The new revolution demands a new model of value. As we see intangibles comprising record proportions of valuations (87% of the value of the S&P is now intangible vs. 17% in 1975), the value on the relationship capital in one’s business ecosystem is higher than ever. This is a clear sign that we all need to get better at managing social, intellectual, human, and relational capital. Purpose is a central means of doing so, and smart companies are using it to advantage while others fumble.
The stakes are high, and kitschy attempts to overreach on purpose will continue to be greeted by consumer skepticism, just as many of this year’s Super Bowl ads were criticized. This is just a clear indication that brand-washing is not the same as truly purpose-led strategy. But make no mistake, competition includes this dimension of differentiation going forward more than ever.

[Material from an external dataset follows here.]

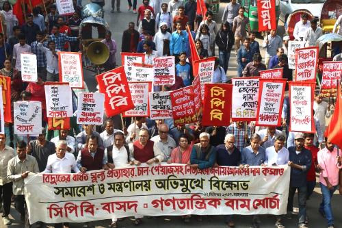বিদ্যুতের বর্ধিত মূল্য প্রত্যাহার ও চাল, পেঁয়াজ, মরিচসহ নিত্যপ্রয়োজনীয় পণ্যের দাম কমানোর দাবিতে সিপিবি-বাসদ ও গণতান্ত্রিক বাম মোর্চা আজ সচিবালয়ের সামনে বিক্ষোভ সমাবেশ করেছে। এছাড়া দেশের প্রতিটি জেলায় জেলা প্রশাসকের কার্যালয়ের সামনে অবস্থান ও বিক্ষোভ প্রদর্শন শেষে জেলা প্রশাসকের মাধ্যমে প্রধানমন্ত্রী বরাবর স্মারকলিপি পেশ করা হয়।

At least one of the world’s biggest accounting firms sees the value with Ernst and Young’s Vallerie Keller creating the Beacon Institute to help organizations to realize the value of purpose. And we have seen innovative mid-market firms like IT provider Candorisembrace purpose to grow at a multiple to the market.

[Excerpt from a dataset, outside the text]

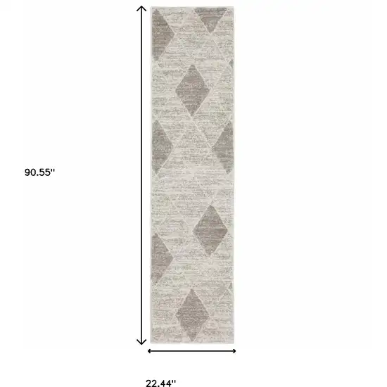Grey And Ivory Geometric Power Loom Stain Resistant Runner Rug

In one of my favorite examples of purpose-lead execution, POM Wonderful and a consumer group successfully sued Coca-Cola over its Minute Maid Blueberry Pomegranate juice that contained 0.3% and 0.2% of the juices respectively, and the product was subsequently withdrawn from the market. That’s a daring example of using purpose to deliver a knock-out punch to the competition.
While Unilever’s move won’t knock out any competitors, it may be the beginning of a new chapter for modern brands. With investors like Blackrock cheering them on, Unilever’s declaration that the networks be more trustworthy is a not just a smart move, but one that offers little risk for the brand along with lots of benefits for the rest of us.